At 27, I was working full time and getting my BA. He was still jobless. I worked my ass off. He played video games. I cleaned the house. He didn't clean sh*t. I grew up. He didn't.

u/RockPrincess01

The One Who Had Different Values
I've been engaged twice. First one ended after meeting my family for the first time, my fiancé made fun of my brother, who is very intelligent but sometimes socially awkward, for half the ride home. I slept on it, then gave the ring back the next day.
The second engagement, we dated for three years and got engaged after two. The closer it got, the more he decided he wanted to have children immediately, wanted me to stay home with them, and then said, 'Knowing that, I'm wondering if it's worth it for you to continue grad school.' (I was just starting my second year of my master's program.) Buh-bye.

u/dadadawn

The One Who Had Different Ideas About the Future
We had an intense attraction to each other but there were two reasons I had to walk away. First is he was very jealous and controlling. I couldn't say hi to someone in passing without getting grilled about who he was, how I knew him, was I talking to him secretly, did I wish I was dating him, etc.
Second, our ambitions didn't match up. I wanted more out of life than he did. I wanted the professional degree and he wanted to work on cars. There is nothing wrong with that at all, but our paths to our preferred destinations took us in very different directions.
I still think if him and wonder, but I have been happily married [to someone else] for more than 25 years.

u/bridgin

The One Who Was Holding Him Back
She became very dependent on me. She didn't have many friends, nor any opportunities to go out and make any. She didn't have drive to do anything rather just sit at home and do nothing. No motivation to play any sports or get a job. This sabotaged my life, as I'd always be spending time and money on her because she couldn't afford anything herself. She ended being an emotional toll, as she had mental issues and I thought leaving her would just make it worse. But I'm so glad I left. It lifted a weight off my shoulders and allowed me to achieve a lot more than I was when I was with her.

u/baum_g

The One Who Wasn't Honest
Almost two years into our relationship I had my first set of seizures.
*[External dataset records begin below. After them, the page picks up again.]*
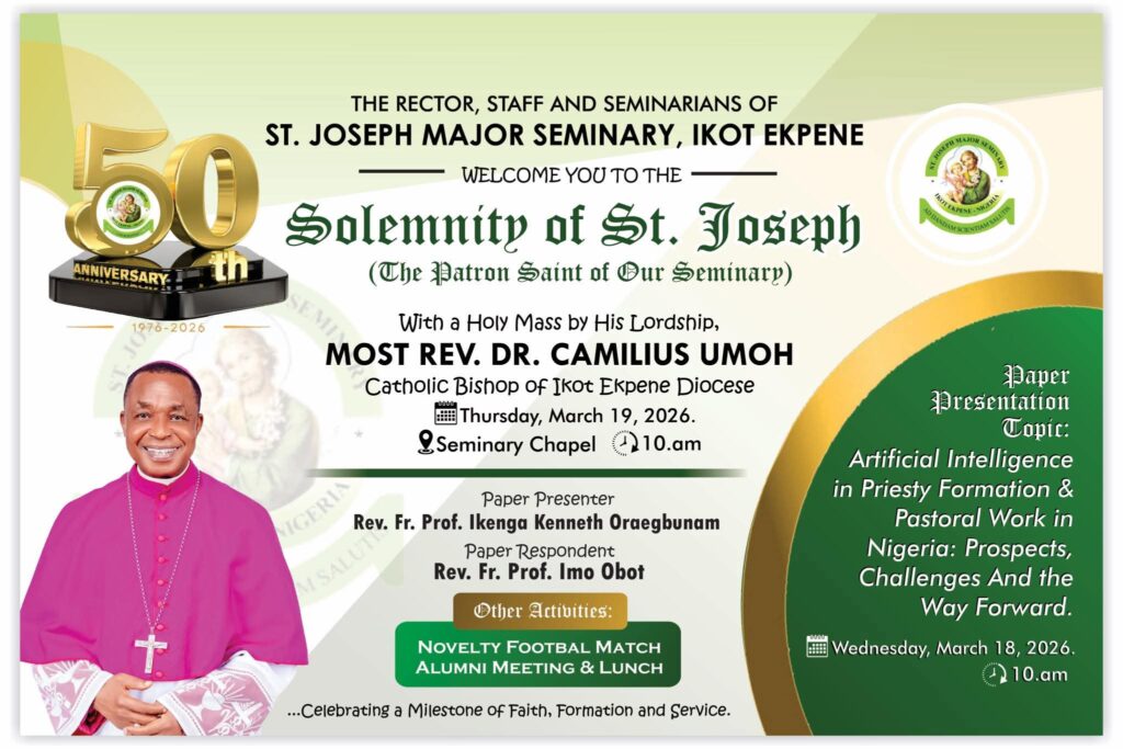Saint Joseph Major Seminary joyfully celebrated the Solemnity of Saint Joseph with a Eucharistic celebration presided over by the Catholic Bishop of Ikot Ekpene, Most. Rev. Dr. Camillus Umoh. The liturgy gathered formators, seminarians, clergy, and the lay faithful in a spirit of reverence and thanksgiving.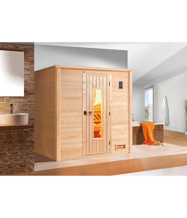 Sie sind durch und durch Sauna-Fan. Aber eigentlich wären Sie beim Entspannen lieber mit Ihrem Partner/Ihrer Partnerin unter sich und würden danach auch am liebsten auf Ihrer eigenen Liege ruhen? Dann sollten Sie einen genauen Blick auf die Weka Sauna Bergen mit Holztür werfen. Denn diese attraktive Heimsauna ist ein Traum. Vielleicht haben Sie in Ihrem Bad eine Ecke frei oder einen ungenutzten Raum in petto? Oder vielleicht planen Sie ja sogar im Untergeschoss einen privaten Wellnessbereich einzurichten? Diese einladend rustikal wirkende Saunakabine braucht erstaunlich wenig Fläche und bietet im Inneren trotzdem ausreichend Platz für zwei Personen, um sich auf zwei Ebenen dem Genuss der Wärme und des Schwitzens hinzugeben – im Sitzen oder liegend, den Kopf auf den Kopfstützen. Dabei vermittelt Ihnen die attraktive Massivholztür ein Gefühl des Rückzugs und der Gemütlichkeit. Beschenken Sie sich doch einfach mit einer Weka Sauna Bergen mit Holztür!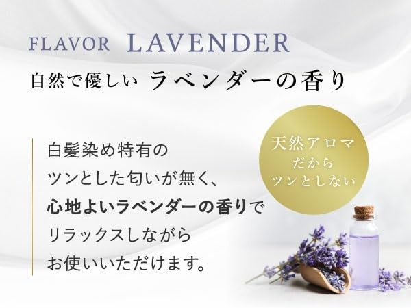 白髪染め特有のツンとした匂いが無く、心地良いラベンダーの香りでリラックスしながらお使いいただけます。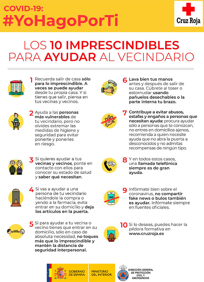 La Dirección General de Protección Civil y Emergencias, en colaboración con Cruz Roja Española, ha lanzado la Campaña YoHagoPorTi, dirigida a impulsar conductas que fomenten la solidaridad con los vecinos que son más vulnerables ante la pandemia generada por el COVID-19: personas mayores, enfermas o con discapacidad.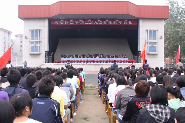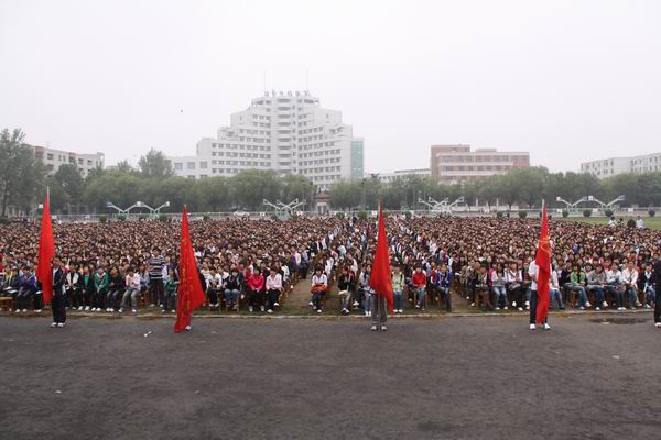 金风送爽,鲜花吐艳。9月14日上午,我校2009级新生开学典礼在西操场隆重举行。校党政领导王清连、张玉珍、郭海波、梁赖、张民校、郭海山、刘兴友、刘荣增、冯启高、王舜书、宋亚伟出席典礼。各相关职能部门和各院系的党政负责人及2009级6500余名新同学参加了开学典礼。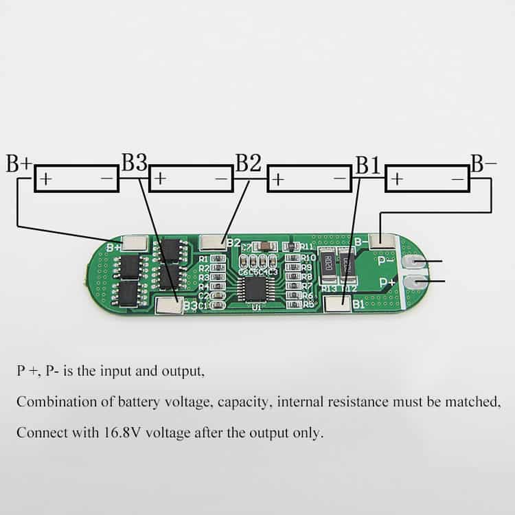 Mạch sạc bảo vệ 4cell pin 18650 Nối Tiếp 12A được sử dụng để sạc 4 cell pin 18650, mạch có tính năng sạc riêng rẽ cho từng cell, tự động ngắt khi đầy, bảo vệ chập nguồn, quá áp và dưới áp.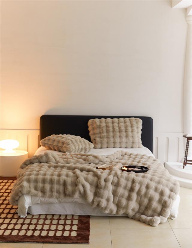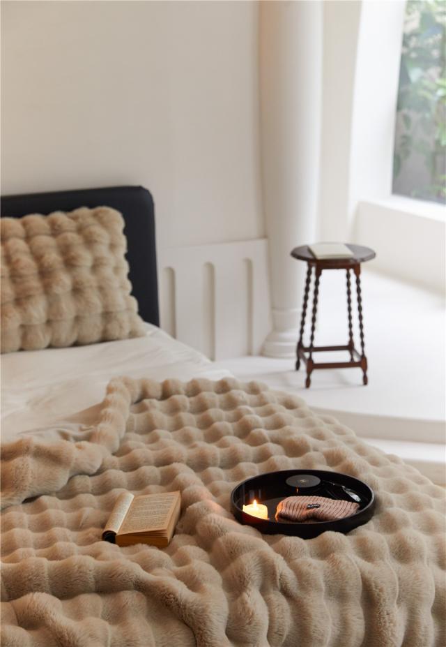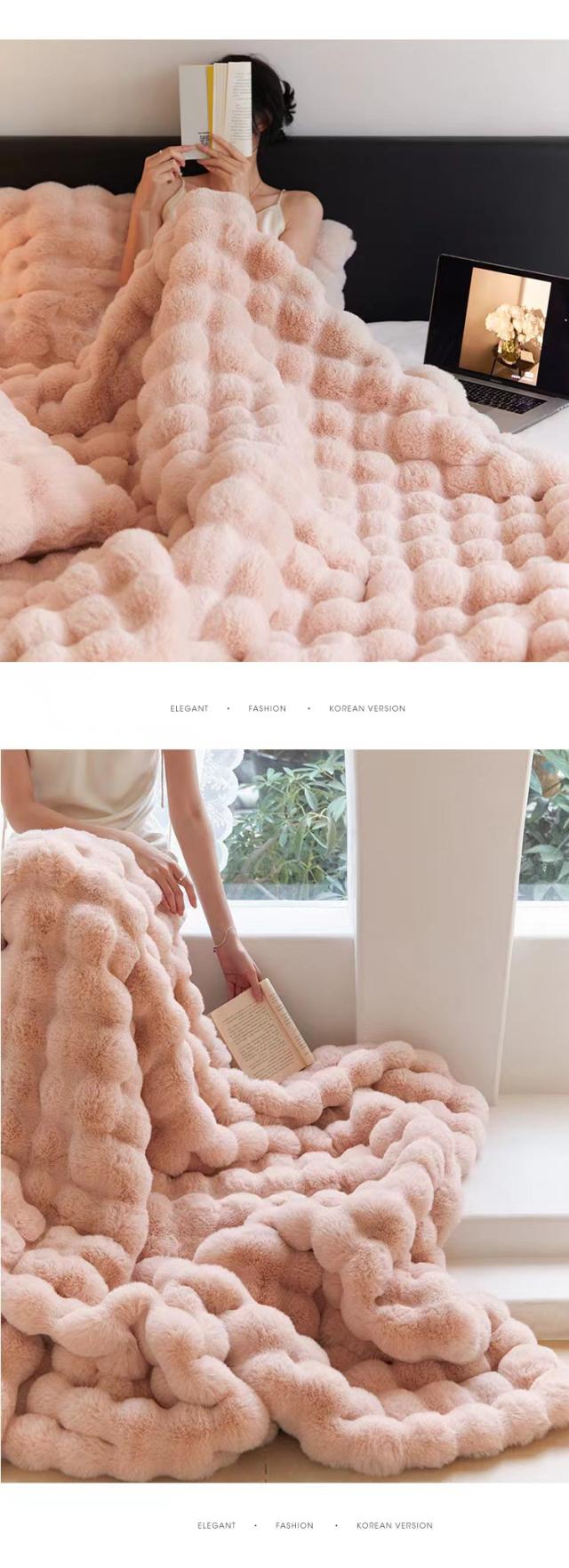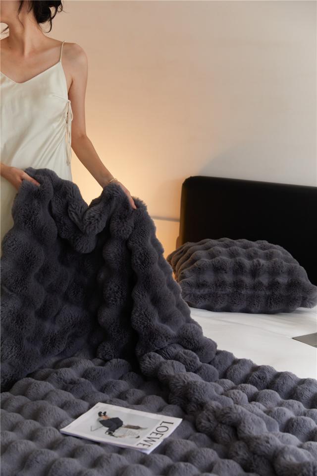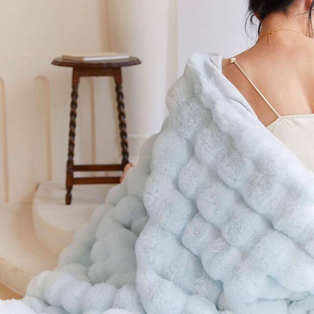 【ふっくら素材と温かい空気の層があなたを包む】贅沢なふわふわファータッチは、美しいだけでなく 肌触りも抜群です。 寒い冬にも安心のボリューム感があります、暖かさも厚みも、程よいバランスの毛布です。
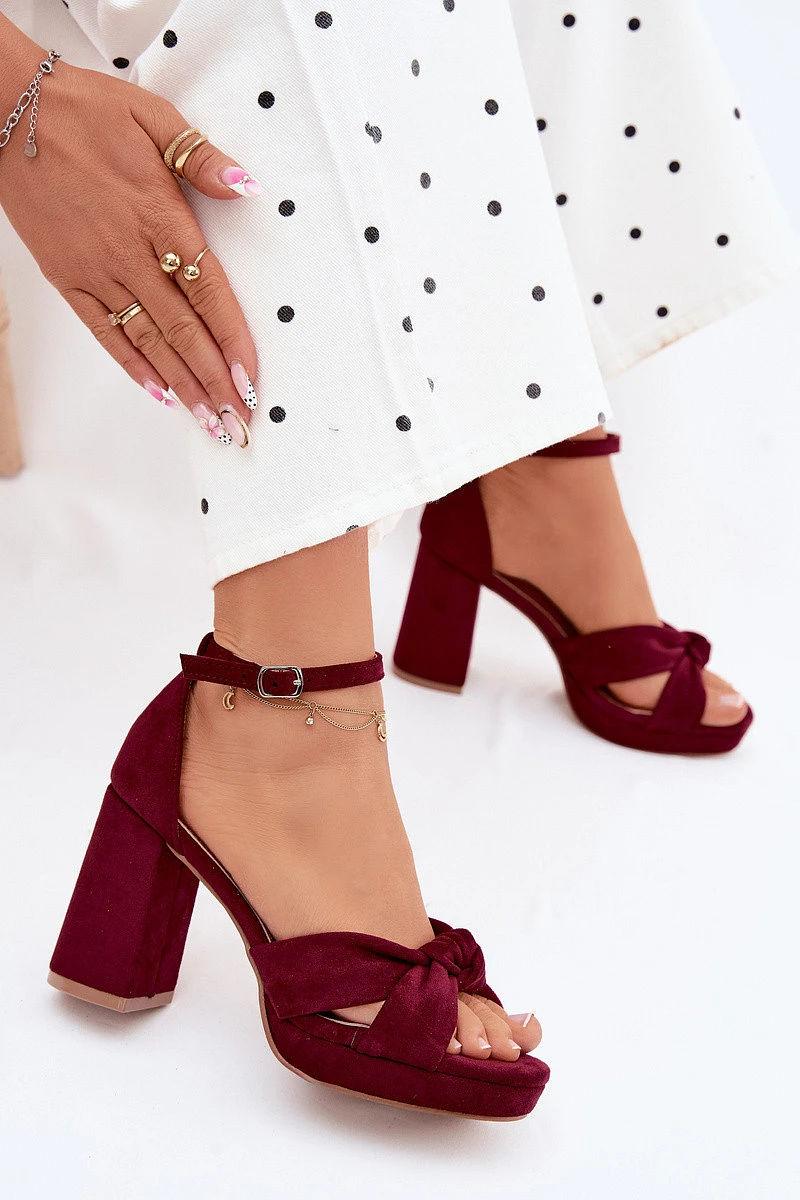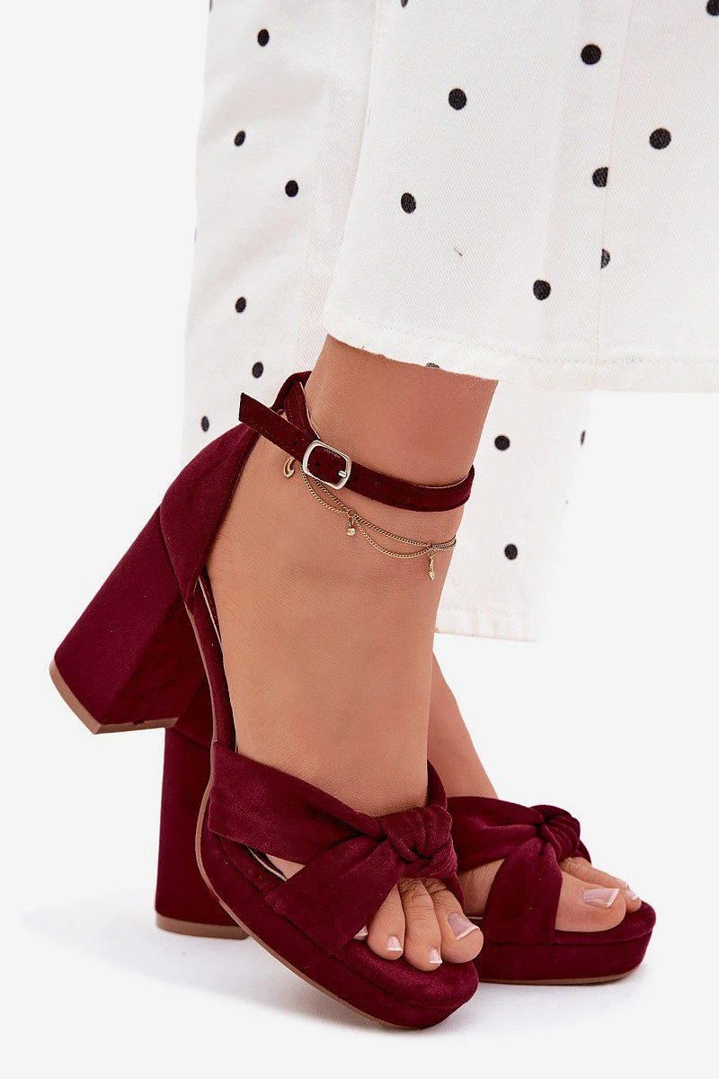 Dámské sandály na podpatku z imitace semiše bordové model 22107184 - Boto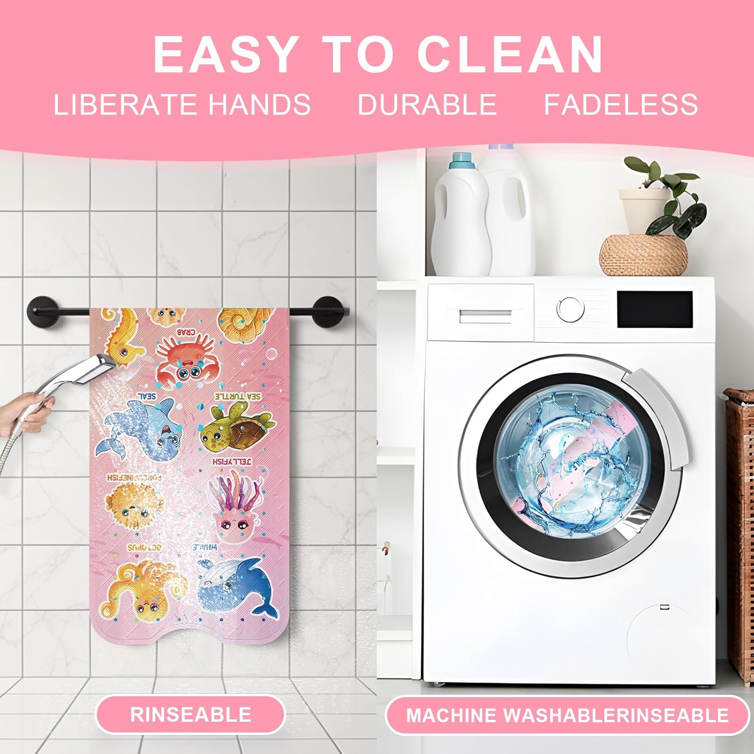- ✅【Easy to Clean Baby Tub Mat】Our non slip bath tub mat for baby is designed for ultimate convenience—just simply rinse or brush it clean. Moreover, non slip baby bath mat machine washable without damaging the cartoon pattern. Enjoy long-lasting freshness and durability with minimal effort

He made me go to the ER alone because 'he was tired.' We were in college at the time, and I ended up having to go home for a semester to get everything figured out with my health. When I came back, I found out he had pretended I just was keeping myself locked in my room all the time whenever our mutual friends would ask where I was. This hurt a lot of feelings until they found out what actually happened.
He admitted to being embarrassed at one point before I came back for the summer semester, and he didn’t want anyone to know. He expected me to get it fixed and be done with it. I ended the relationship and made it very clear that I didn’t want to be around him anymore. I ended up seeing a lot of ways that I dodged a bullet through talking to friends about things he did while I was gone.
I met the man I did marry about two years later. I was very clear about my epilepsy and what it entailed before we even started dating. I’ve had a lot of struggles with medications and seizures since, but he’s helped me through all of them. He has never been embarrassed about it or told me how I should handle it.

u/Lizzichka

Sometimes, the person who feels like "the one who got away" is simply the person you let go, and for good reason. Love isn't always enough, and even if you're still hurting over losing a first love, just remember: If you ended it, it was for a reason.